「AIって、なんか怖くないですか」
しごと場でそう言ってくれた人がいました。
具体的に何が怖いかは、うまく説明できないけど、なんとなく不安で・・・
そういう感覚、持っている人は少なくないと思います。
便利なものに対して「なんか怖い」と感じることは、おかしくないです。
むしろ、その感覚を持ち続けていることが、実は大事なことです。
今日はそういう話をしたいと思います。
🟢 まず感じてみる
「AIが怖い」「なんか気持ち悪い」「不安がある」と感じる場面を、少し言語化してみてください。
何が怖いのかは、人によって違います。
- 自分のデータや会話が、どこかに使われている気がする
- AIに頼りすぎて、自分で考える力が落ちている気がする
- AIが作った文章や画像が広まって、何が本物かわからなくなる気がする
- 技術が進みすぎて、人間の仕事がなくなる気がする
どれも、根拠のない不安ではありません。「なんとなく怖い」を「何が怖いのか」に変換するだけで、少し楽になります。
🟡 ちょっと整理する
違和感の正体が分かると、具体的に動けます。
プライバシーが心配な場合:
AIに個人情報・住所・マイナンバーなどを入力しない、というルールを決める。ChatGPTには「会話を学習に使わない」設定もあります。
依存が怖い場合:
意識的に「AIを使わない時間」を作ってみる。
「この作業は自分で考えてみる」という日を週に一度設ける。
情報の真偽が心配な場合:
AIの情報を「入口」として使い、重要なことは別ルートで確認する習慣を持つ
怖さを「なかったこと」にする必要はありません。怖さの正体を特定して、自分なりの対処を持つこと。
それだけで、付き合い方がずっと楽になります。
🔴 自分の基準を明確にする
最後に、自分の「テクノロジーとの付き合い方」を、自分なりに決めてみましょう。
たとえば:
- 「便利に使うけど、判断は自分でする」
- 「個人情報は入れない。それ以外は積極的に使う」
- 「怪しいと思ったら確認する。それがクセになれば怖くない」
- 「全部は追わない。自分の仕事に関係することだけ知っておく」
「今の自分はこうしている」という言葉を一つ持っておくことが、技術の波に振り回されないための軸になります。
「怖い」と感じている人は、ちゃんと考えている人
何も感じないまま使い続けるより、「なんか怖い」と立ち止まっている人の方が、長い目で見ると健全だと思っています。

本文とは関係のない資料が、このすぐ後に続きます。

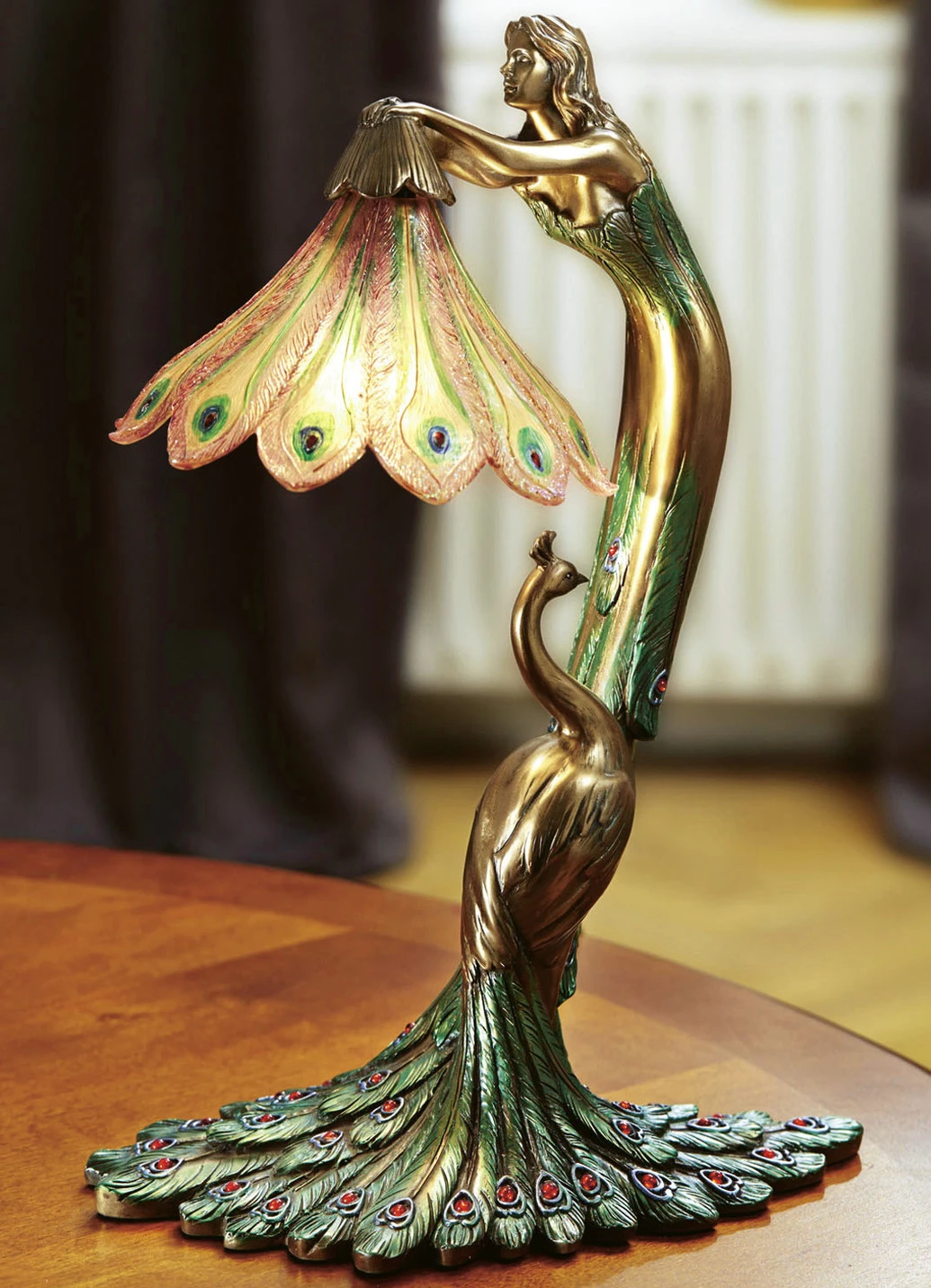 Außergewöhnlich gestaltete Tischleuchte in Form einer Frauenfigur mit einem Pfau aus Polyresin. Fassung E14, max. 25 Watt, 230 Volt. Mit Schnurzwischenschalter. Die Lieferung erfolgt ohne Leuchtmittel.
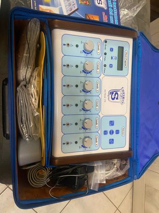 Elettrostimolatore Seiko Koral 278, completo di accessori. - Sei canali indipendenti. - Display per controllo programma. - Pulsanti di selezione e avvio. - Cavi e accessori inclusi.
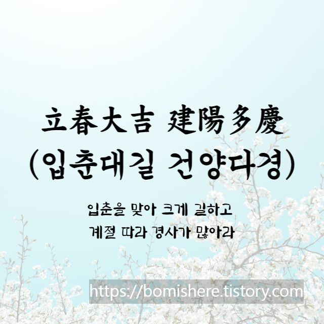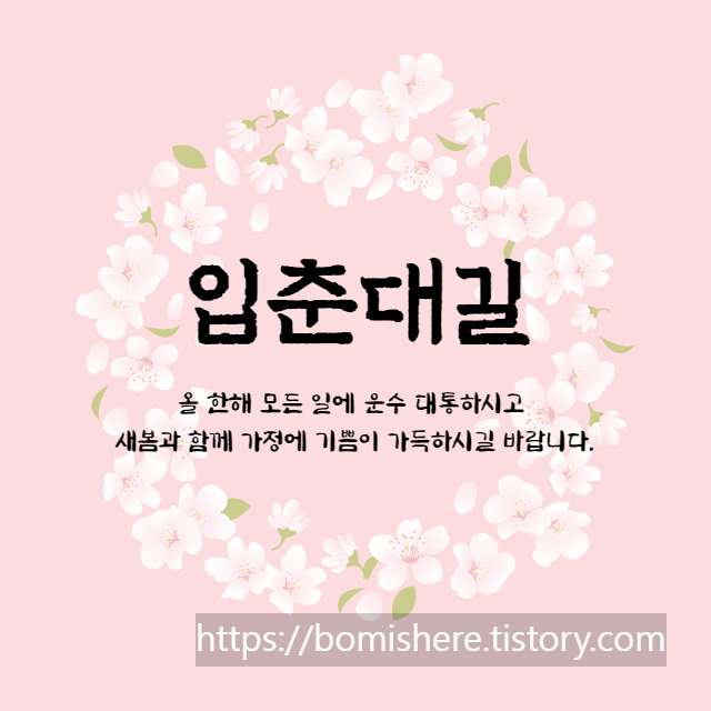계묘년의 첫 절기 입춘입니다. 봄이 문전에 왔으니 만사형통하여 재산이 넉넉해지고 지위가 높아지는 좋은 기회가 올 것입니다. 행복한 봄날 맞이하시길 바랍니다.
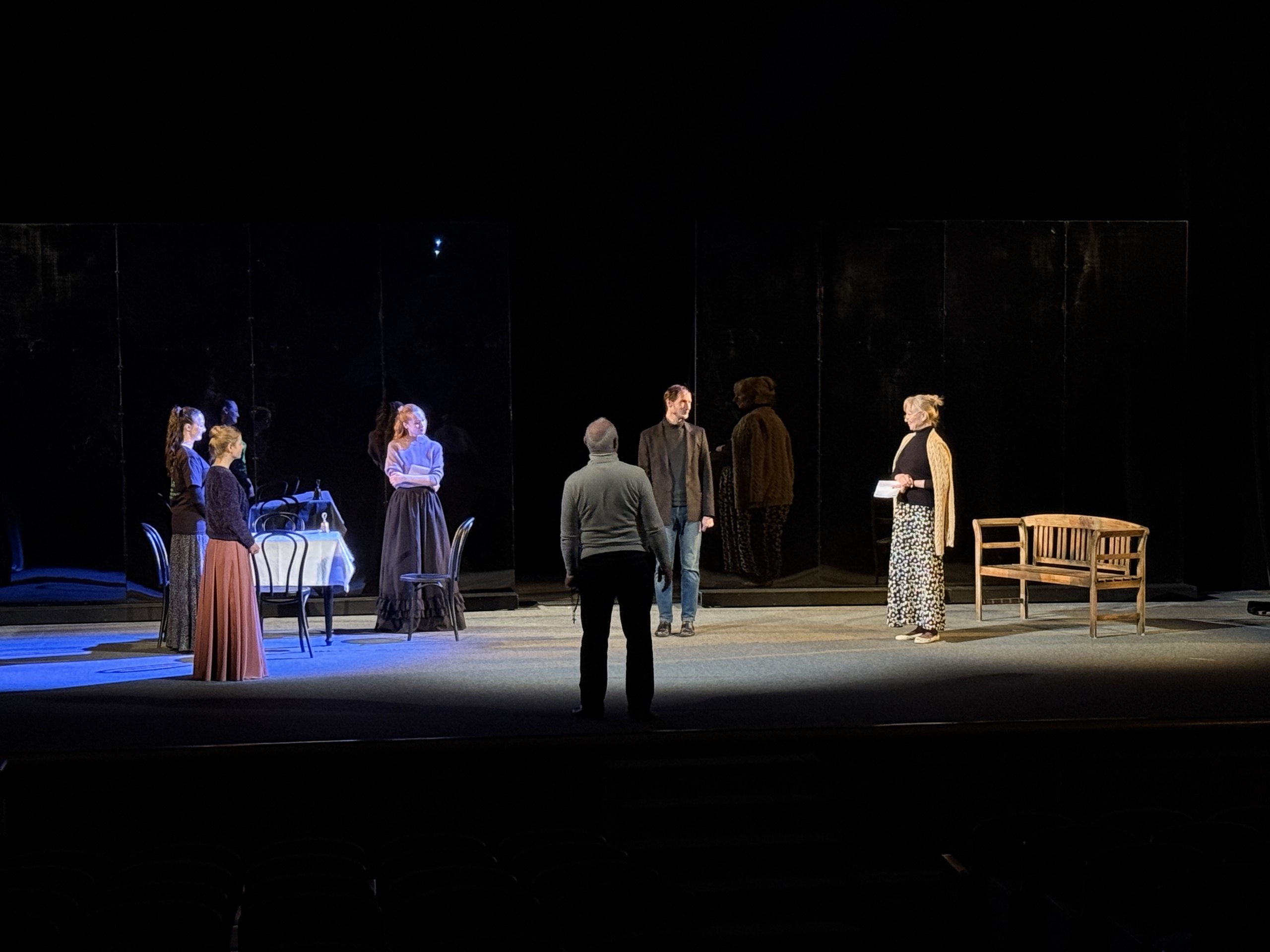 — работа идет только на сцене, даже индивидуальные репетиции,
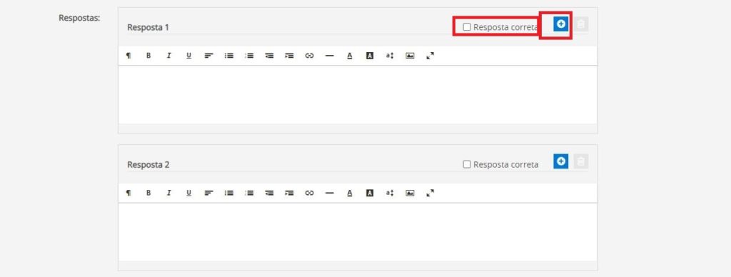 - No campo resposta, escreva o conteúdo que será apresentado para o aluno em cada uma das opções que for cadastrar. Caso queira incluir mais opções, basta clicar no ícone +. Não se esqueça de sinalizar para o sistema, qual das opções é a correta, conforme destacado abaixo:
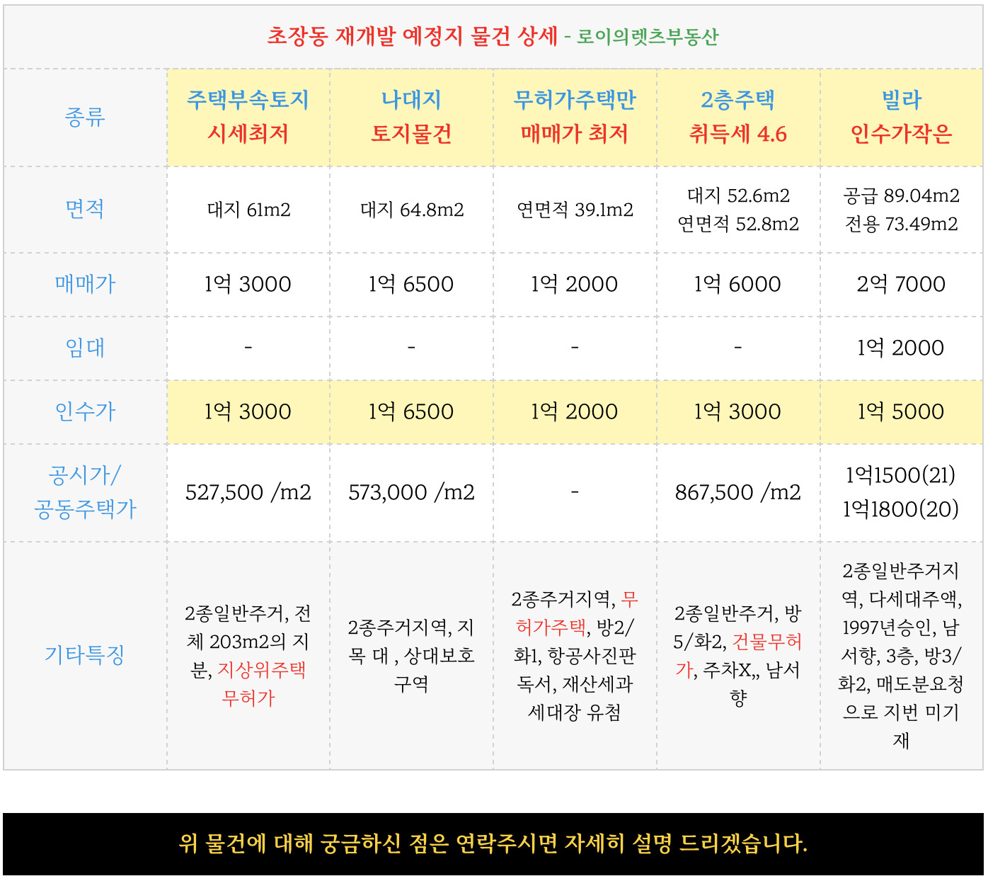 초장동 재개발 예정지 의 물건을 먼저 업데이트하여 드리겠습니다.

このシリーズを通じて伝えたかったのは、「AIをうまく使いこなす方法」ではなく、
「自分なりの付き合い方を持つこと」です。正解は一つじゃないし、今日決めたことが来年も正しいとは限らないのです。
それでも考え続けることが、一番大事なことだと思っています。
しごと場は、そういうことを気軽に話せる場所でありたいと思っています。
「最近こんなこと感じた」という話、いつでも持ち込んでください。